The cameras, enabled by Edge AI, will detect and process instances of pedestrian recognition and count the number of pedestrians in its field of view. The cameras do not record faces or take images, so they are compliant with GDPR and other privacy regulations.
“All of this information can be processed ‘at the edge’,” explains Furlong. “It doesn’t have to be sent via the Cloud to a data centre to be processed and then relayed back to the scooter 20 seconds later, when it’s too late to do anything about the infraction. It’s all happening on the edge, in real time, and that makes the scooter far more responsive to its environment.”
This new information will enable Voi and the Northamptonshire City Council to make more informed decisions about e-scooter usage. “The AI doesn’t know what a pedestrian is until it’s trained to recognize one,” says Furlong. “Once we have a count of the number of pedestrians, then Voi and the city council can start to make decisions on the appropriate course of action. If there are 20 pedestrians immediately in front of an e-scooter, Voi can alert the rider, slow the scooter down, bring it to a stop, or warn the rider that they are on a footpath, as the case may be.”
Although Voi has yet to determine exactly how they’ll use these insights in Northampton (and, eventually across all of its 50+ European cities), the technology not only unlocks potential in accuracy of positioning and riding, but also from an operational and regulatory standpoint. For example, if the fleet management and rebalancing teams can pinpoint exactly where a scooter is, then they will save time and money retrieving scooters. The Luna mobile camera system can also be trained on any number of algorithms for a variety of applications. In the future, the cameras could recognize potholes on the roadway or recognize delivery vans blocking bike lanes outside of delivery hours, and then report this information back to the local authority.
“It’s an order of magnitude change in the resolution of GPS and a step change in the business applications that are possible with that new level of accuracy,” says Furlong.
Together, we are building the future of micro-mobility.

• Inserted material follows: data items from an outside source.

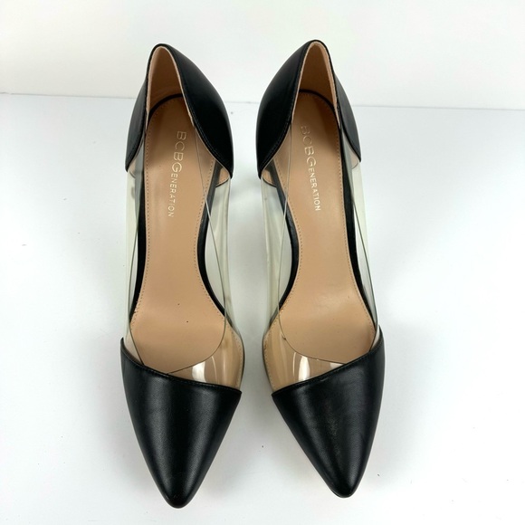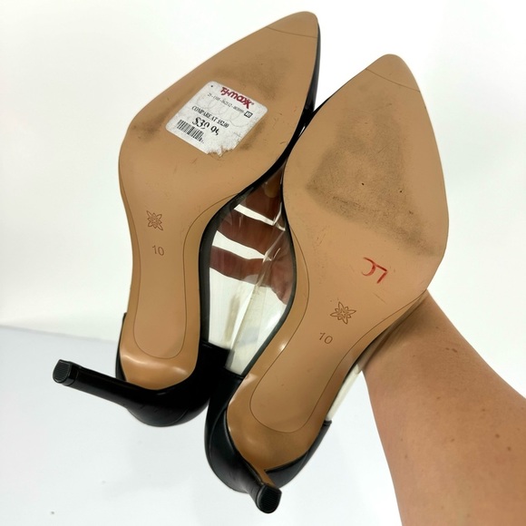 Elegant black heels with clear accents. Sleek pointed toe design. Perfect for any occasion.
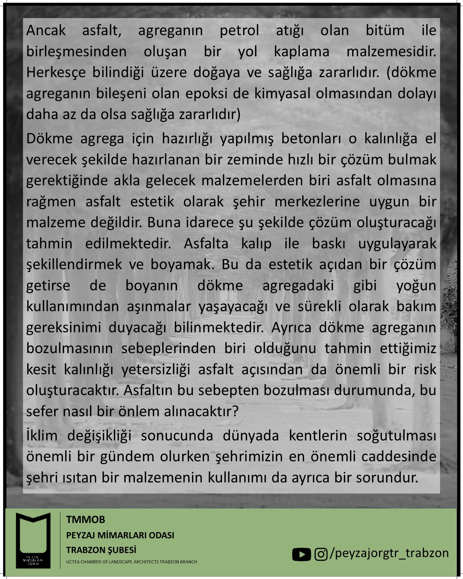İklim değişikliği sonucunda dünyada kentlerin soğutulması önemli bir gündem olurken şehrimizin en önemli caddesinde şehri ısıtan bir malzemenin kullanımı da ayrıca bir sorundur.
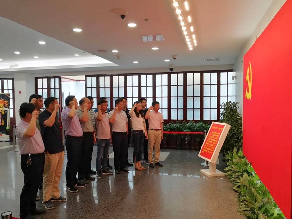 海北公司黨支部黨員參觀中共一大會址,面對黨旗再次宣誓。
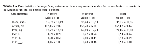 Há diferenças significativas entre os valores de referência, dependendo das fórmulas empregadas. Para serem generalizáveis, esses valores devem ser obtidos pelo estudo de amostras representativas da população geral.(2) Recomenda-se que esses padrões sejam estabelecidos pelos governos.(1) Atualmente é aceito que centros de referência devem produzir valores de referência pelo estudo de amostras de indivíduos saudáveis em sua região.(2) Um estudo envolvendo 41 estudantes de medicina do sexo masculino entre 23 e 26 anos de idade, realizado em 1994 na cidade de Zanjan, no Irã, mostrou que a média da CVF na população estudada foi de 90% do valor previsto.(4) Outro estudo, envolvendo 423 crianças e adolescentes, foi realizado em 2000 na cidade de Isfahan, no Irã.(5) Os autores mostraram que há diferença entre os valores de referência mais utilizados e aqueles obtidos para a população geral do Irã.(5) Um estudo realizado na Espanha por Castellsagué et al. em 1998 demonstrou diferenças entres as etnias em termos dos volumes pulmonares.(6) Gore et al. observaram que os valores de referência mais utilizados eram aplicáveis a indivíduos brancos na Austrália.(7) Em um estudo realizado por nosso grupo em 2006 na cidade de Sari, no Irã, observamos que os valores espirométricos (CVF, VEF1 e FEF25-75%) para adultos saudáveis (≥ 18 anos de idade) eram mais semelhantes aos valores de referência da European Respiratory Society (ERS) que a outros padrões.(8) Fórmulas matemáticas comuns utilizadas para calcular índices espirométricos padrão geralmente se baseiam em valores obtidos para amostras pequenas de indivíduos saudáveis na Europa ou nos Estados Unidos, e esses valores são generalizados para a população mundial, independentemente do fato de que há diferenças antropométricas entre as raças e diferenças ambientais entre as regiões.
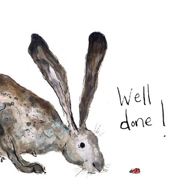 Send congratulations with Trudy and her ladybird friend! Illustrated by Edinburgh artist Catherine Rayner, this card is exclusive to Paper Tiger and is printed in Edinburgh on sturdy watercolour card. It has been left blank for your own well done message and comes ready for sending with an envelope.
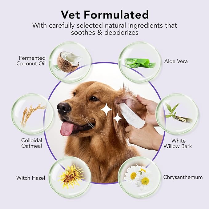 • 【All Natural Ingredients】The key natural ingredients of our dog ear cleaner wipes include: fermented coconut oil, colloidal oatmeal, witch hazel extract, white willow bark, chamomile extract, and aloe vera leaf juice. Gentle on your pets' ears, our pet ear wipes are alcohol-free and free of parabens and fragrances, ensuring a soothing and non-irritating experience. Safe if licked or ingested.
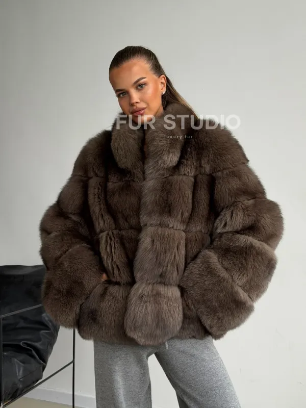 Мех данной шубы финский песец, цвет коричневый. Предлагается в размерах от 42 до 46. Длина модели 60-65 см, что выгодно подчеркивает фигуру девушек. Эта модель идеально подойдет для девушек и женщин, предпочитающих роскошные натуральные меха.
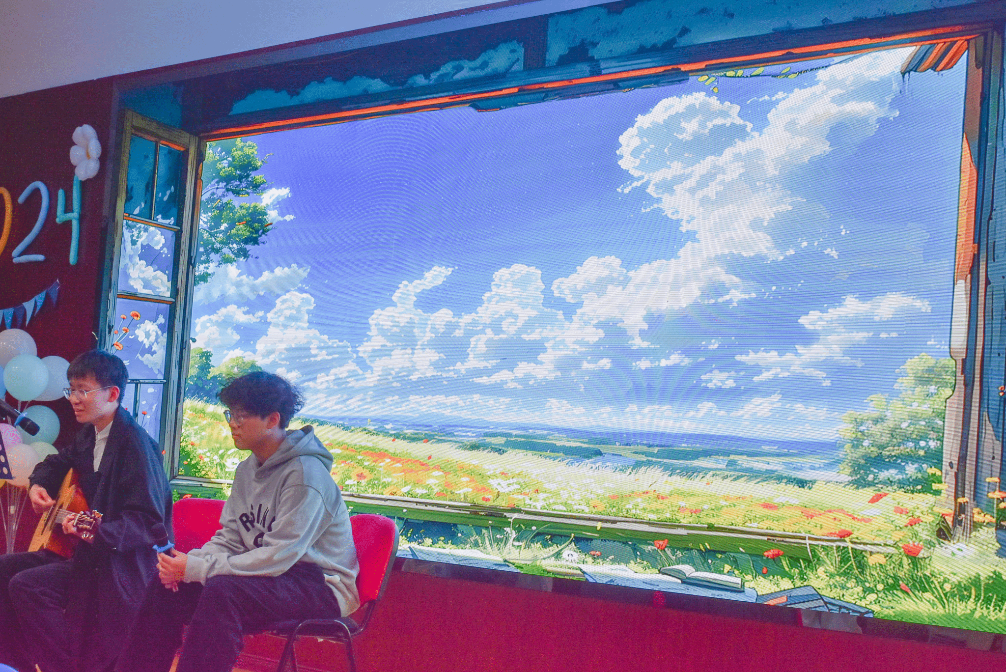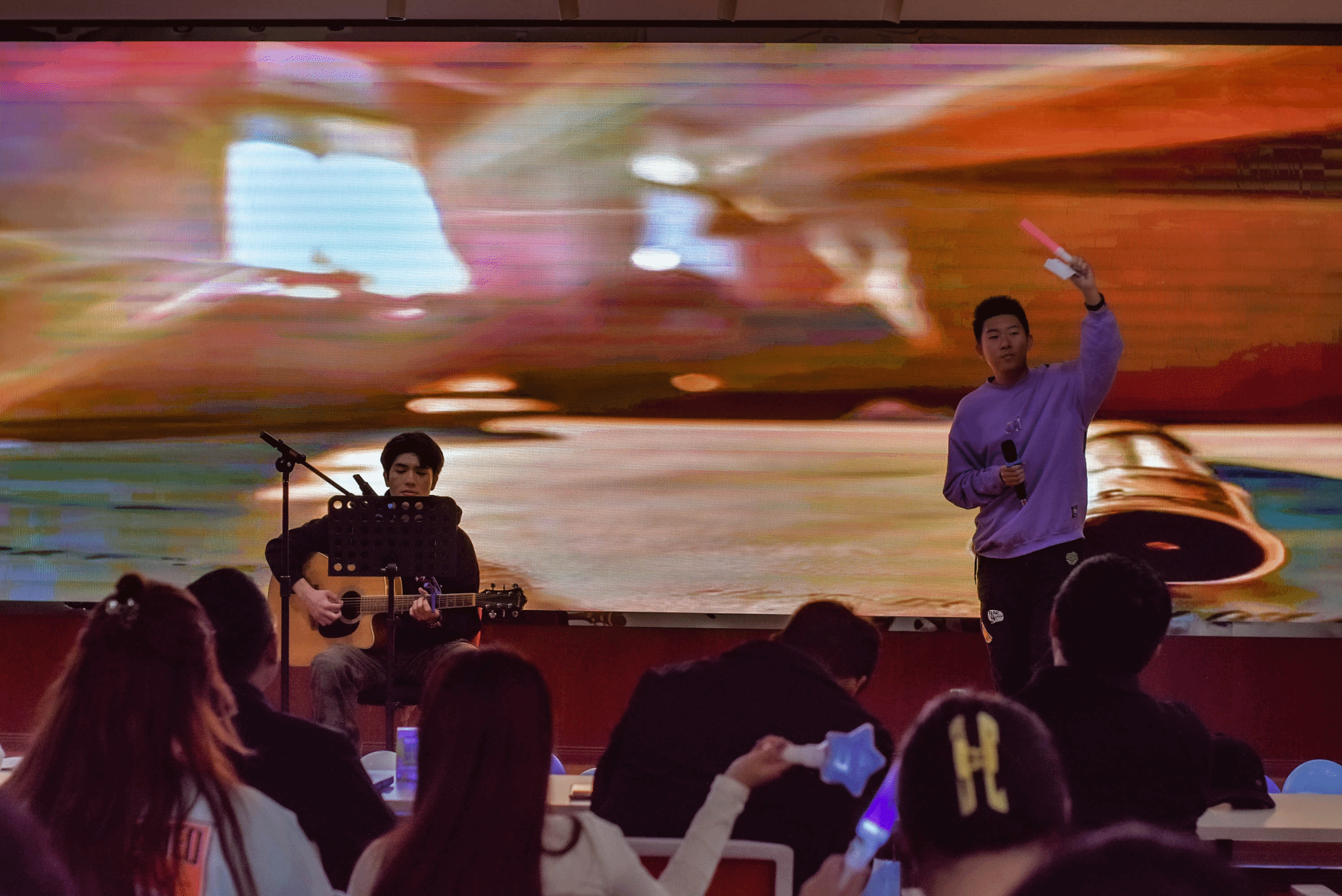 班团建设中心带来的弹唱《慢慢·晴天》让观众们在悠扬的琴声中感受到温暖与宁静,仿佛置身于阳光洒落的美好时光,心灵得到了片刻的放松与愉悦。而生医2024-02班的窦鲲鹏和安比亚·艾克拜尔带来的民谣串烧则以清新的旋律和动人的歌词,唤起了大家对生活的热爱与对未来的期待。
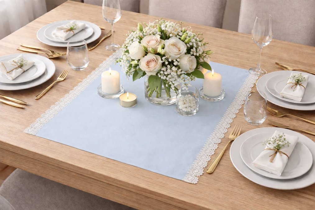 mavi renkte iki kenarı beyaz dantelli saten runner.. 71*78 ölçülerinde.. yeni üründür..
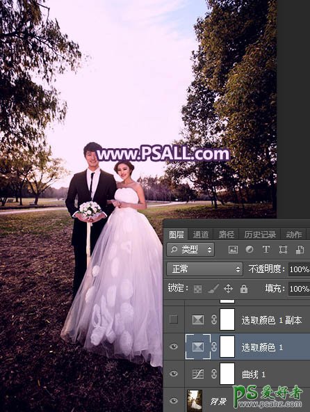 Ps婚纱照调色:给秋景树林中拍摄的情侣婚片调出浪漫的紫色霞光
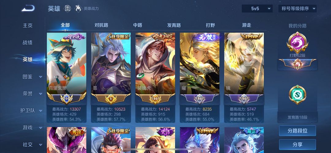 国服玄策62段打野在榜六市标曜澜镜老虎⭐️曜全皮璃龙剑⭐️九霄神辉⭐️ 枫霜烬⭐️武陵仙君⭐️
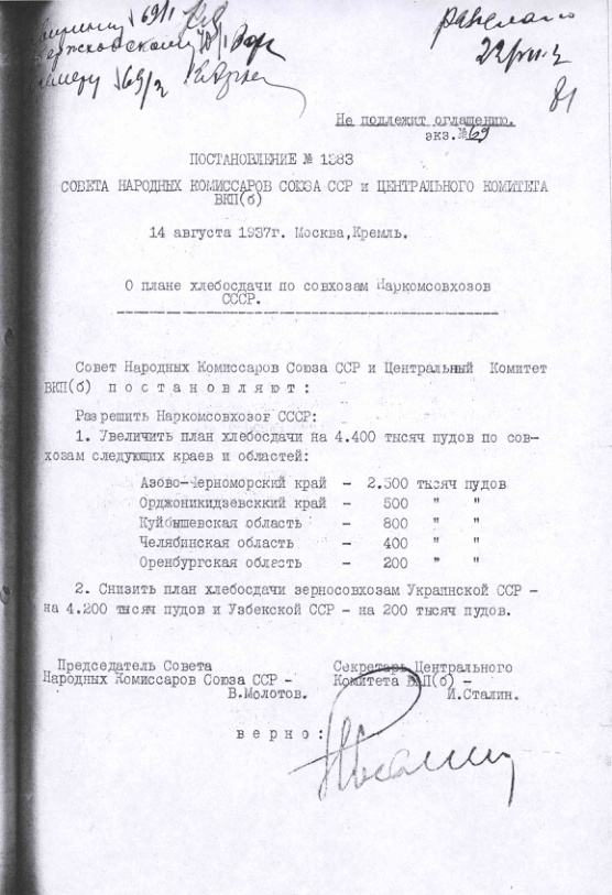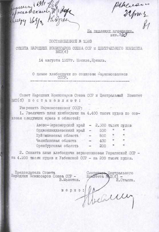 Постановление № 1383 СНК СССР и ЦК ВКП(б). О плане хлебосдачи по совхозам Наркомсовхозов СССР. 14 августа 1937 г.
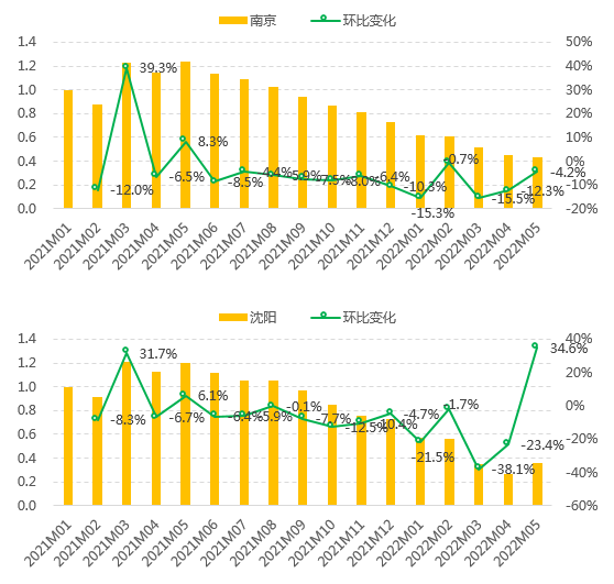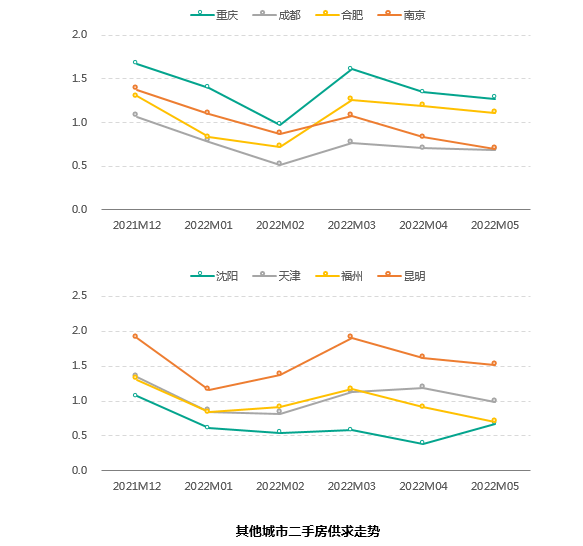 2022年5月,仅有沈阳的二手房供求关系出现出现明显上涨,其他城市供求关系都出现了一定的回落,其中这些城市需求热度出现回升是影响供求关系回落的主要原因,其次这些城市新增上架房源多数和上月出现了一定回落也影响到供求关系回落。

“Aside from all the well-documented first- and last-mile and environmental benefits, in the post-COVID recovery era, when public transport capacity is down, there just isn’t enough room for socially distanced one-and-a-half tonne metal boxes called cars on our streets,” says Furlong.
“Our partnership will complement public transport and allow people to travel in a safe, controlled, socially distanced fashion that bolsters the overall value proposition of micro-mobility and gets rid of some of the negative public perceptions associated with it.”